EMTALA — the Emergency Medical Treatment and Labor Act — exists to ensure that patients with emergency medical conditions receive stabilizing treatment regardless of their ability to pay. In 2026, CMS expanded the law's reach, clarified obligations that had been ambiguous for years, and increased penalties to their highest historical levels.
Every hospital with a Medicare-certified emergency department must comply with EMTALA. Violations result in per-violation penalties of up to $119,942 for hospitals and physicians, exclusion from Medicare and Medicaid, and civil liability from patients who are harmed by EMTALA violations.
The 2026 Expansion — Reproductive Health Emergencies
The most significant 2026 EMTALA development is CMS's guidance on reproductive health emergencies. CMS has clarified that a pregnant patient presenting to an emergency department with a condition that places her health at serious risk is covered by EMTALA's stabilization obligation — even if stabilizing treatment in that clinical context involves terminating the pregnancy.
This guidance creates tension with some state laws that restrict abortion access, and that tension is the subject of ongoing litigation. Hospitals must be aware of their EMTALA obligations and seek legal guidance on how to navigate them in states where state law and EMTALA appear to conflict.
Medical Screening Examination — Who Can Perform It
EMTALA requires that every patient who presents to an emergency department requesting examination or treatment receive an appropriate Medical Screening Examination (MSE) to determine whether an Emergency Medical Condition (EMC) exists.

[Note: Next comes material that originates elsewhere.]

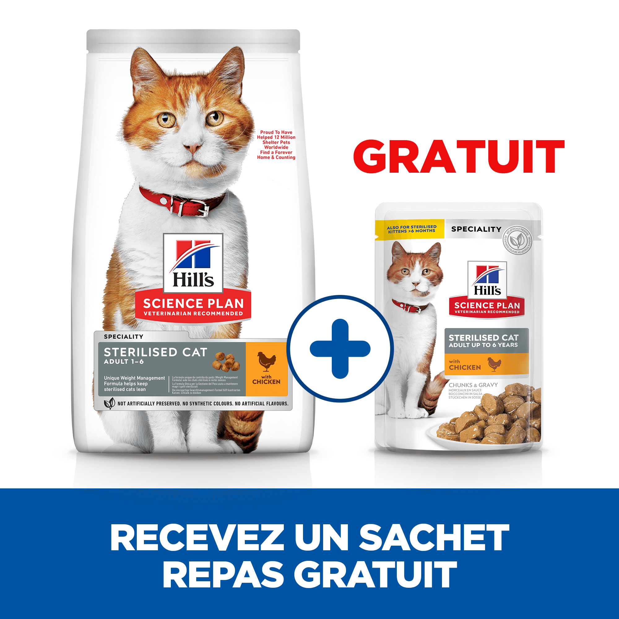 Hill's Science Plan Sterilised convient aux chats stérilisés ou castrés, jusqu’à l’âge de 6 ans. Utilisez ensuite Hill's Science Plan Mature Adult Sterilised.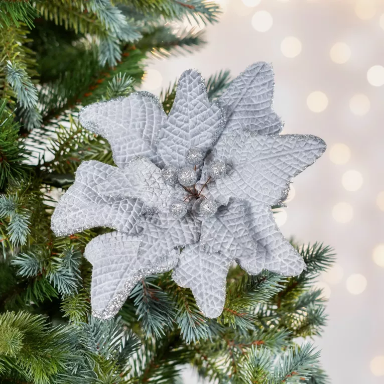 Piękny kwiat dekoracyjny na choinkę to ciekawa dekoracja bożonarodzeniowa. Płatki kwiatu powstały z  tkaniny welwetowej o subtelnym tłoczeniu struktury płatków.  Elegancki kwiat na choinkę doskonale wkomponuje się w każdą niemal aranżację świąteczną. Wszystko zależy bowiem jedynie od wyobraźni. Ten niebanalny, dekoracyjny  kwiat na choinkę pięknie prezentuje się również jako element wieńców, girland, stroików i bukietów świątecznych i zimowych.

The MSE must be performed by a qualified medical person — someone whose scope of practice includes conducting the examination for the presenting complaint.
A common EMTALA compliance failure: registration staff triaging patients and sending them away before they've received an MSE. If a patient presents to your emergency department and is turned away — for any reason, including inability to pay — without receiving an MSE from a qualified medical person, that is a potential EMTALA violation.
Qualified medical persons for MSE purposes must be designated in hospital policy. This designation should reflect scope of practice: a registered nurse may be a qualified medical person for certain presenting complaints in hospitals that have defined this in policy, but cannot be a qualified medical person for all presenting complaints.
Stabilization — What It Requires
If the MSE reveals an Emergency Medical Condition, EMTALA requires the hospital to provide treatment to stabilize the EMC before transferring or discharging the patient. "Stable" under EMTALA means the patient's condition will not materially deteriorate with transfer or discharge — not that the patient has been fully treated or cured.
The stabilization obligation cannot be contingent on insurance verification, prior authorization, or the patient's ability to pay. Requesting insurance information after the MSE is initiated is acceptable; allowing lack of insurance to delay or prevent stabilization is an EMTALA violation.
Transfer Requirements — All Five Elements
When a patient with an unstabilized EMC must be transferred to another facility for higher-level care, EMTALA imposes specific requirements. All five must be met:
One, the transferring hospital must provide the medical treatment within its capacity that minimizes the risks of transfer. Two, the receiving facility must have space and qualified personnel and must agree to accept the patient. Three, the transferring hospital must send all medical records with the patient. Four, the transfer must be made with appropriate transportation and personnel. Five, the physician must sign a certification documenting why the benefits of transfer outweigh the risks.
Incomplete transfers — where any of these five elements is missing — are EMTALA violations regardless of the outcome for the patient. Document every element of every transfer explicitly.